File metadata and controls

65 lines (45 loc) · 3.26 KB

PathoTME

Genomics-guided Representation Learning for Pathologic Pan-cancer Tumor Microenvironment Subtype Prediction (MICCAI 2024 oral)

Arxiv

Workflow overview

PathoTME is composed of three branches, the gene guide branch (yellow), the domain adversarial branch (pink) and the main WSI learning branch (blue). In practical application, only the main WSI branch is active, with the other two branches existing as pre-trained weights. In gene guide branch, genes from a curated knowledge gene sets are collected from previous works. Then we use one layer FC with SNN to extract gene embeddings from tabular data. At the training stage, gene branch will guide WSI projector to learn discriminative WSI embeddings which close to the paired gene embeddings in the representation space. At the same time, domain adversarial branch will prevent WSI learning branch from attaining features related to tissue structures irrelevant to TME subtypes. At the inference stage, our network only needs WSI as input, and output the prediction result of TME subtypes.

Prerequisites

git clone https://github.com/Mengflz/PathoTME.git
cd PathoTME

conda  create -n pathotme python==3.7.7
conda activate pathotme
pip install -e .

Data preprocessing

  1. Download TCGA WSIs or prepare your own WSIs.

  2. Please refer to HIPT to extract features from WSIs. Store your features in pickle like data/sample.pkl. We use 1000 samples extracted from total TCGA datasets as sample.pkl for quick implement. If you would like use entire pancancer dataset, please check HIPT repo and download related TCGA RNA expression data from TCGA website.

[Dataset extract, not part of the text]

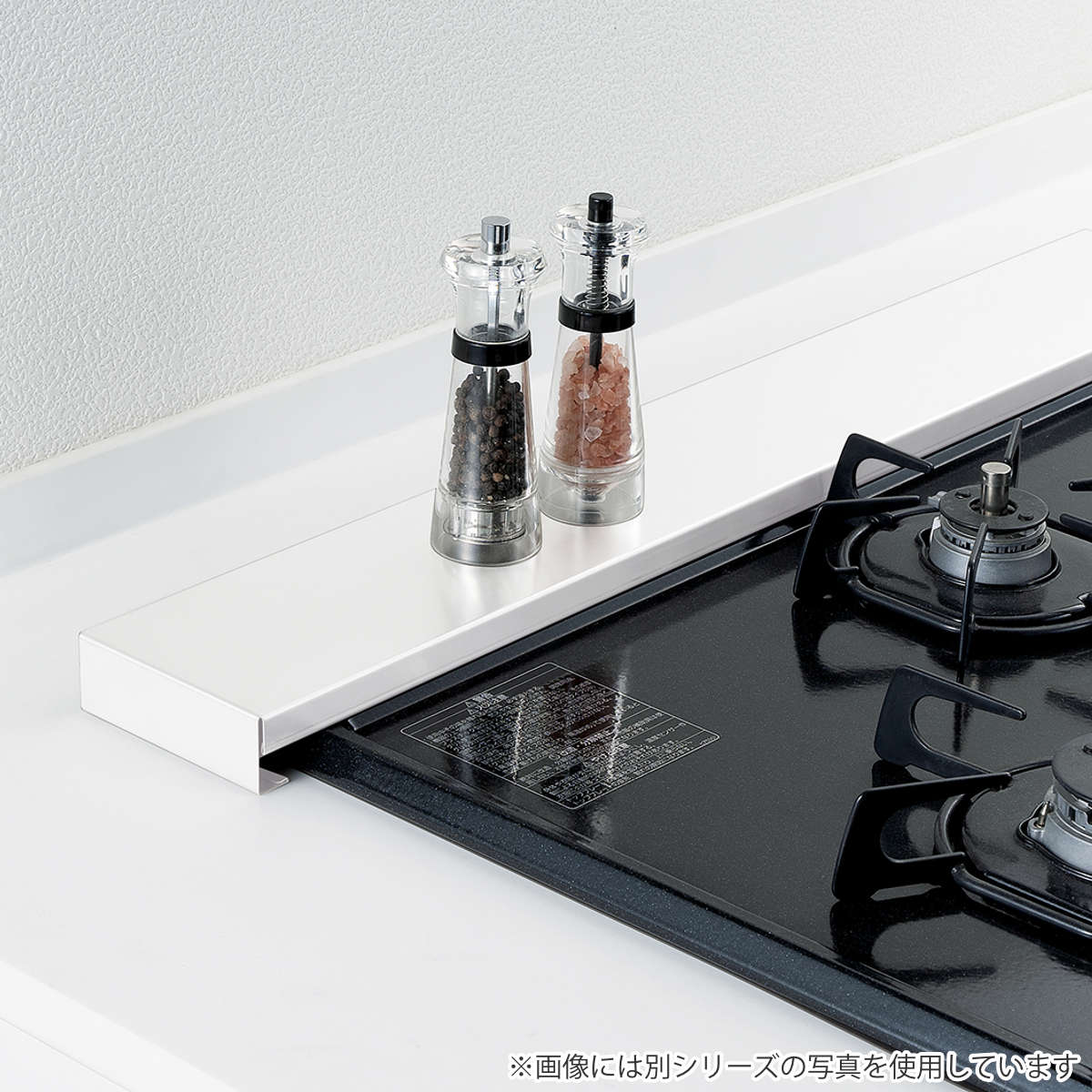 コンロ奥の排気口に置くだけで、油はねやゴミの侵入をしっかり防ぎます。伸縮するので色々なサイズのビルドインコンロにお使いいただけます。圧迫感のないフォルムと、清潔感のあるホワイトカラーでキッチンにすっきり馴染みます。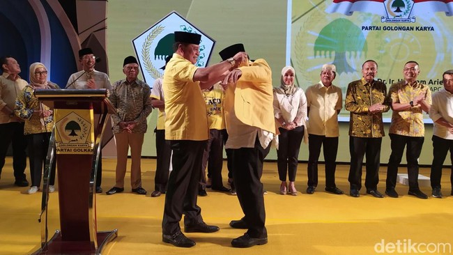 "Dengan jas ini saya pasangkan, itu adalah simbol (IAS) resmi gabung Partai Golkar," kata Wakil Ketua Umum DPP Golkar Nurdin Halid

  3. Please refer to MFP to obtain the TME labels of your samples. We also include a TCGA TME label file data/TCGA_pan_MFP_annotation.tsv.

Run code

# train with 5-fold cross validation and test
python train.py

The results files(e.g. metrics, checkpoints) are under results/. Feel free to change configs in config/config.yaml

Use your own dataset

Follow the format of data/label_id.csv,sample_HIPT_features.pkl and sample_knowledge_exp, and put your WSI features and gene expression in data/. In label_id.csv, only HISTOLOGICAL_SUBTYPE, MFP, wsi_name and sample_id columns are necessary.

Citation

Please use below to cite this paper if you find our work useful in your research.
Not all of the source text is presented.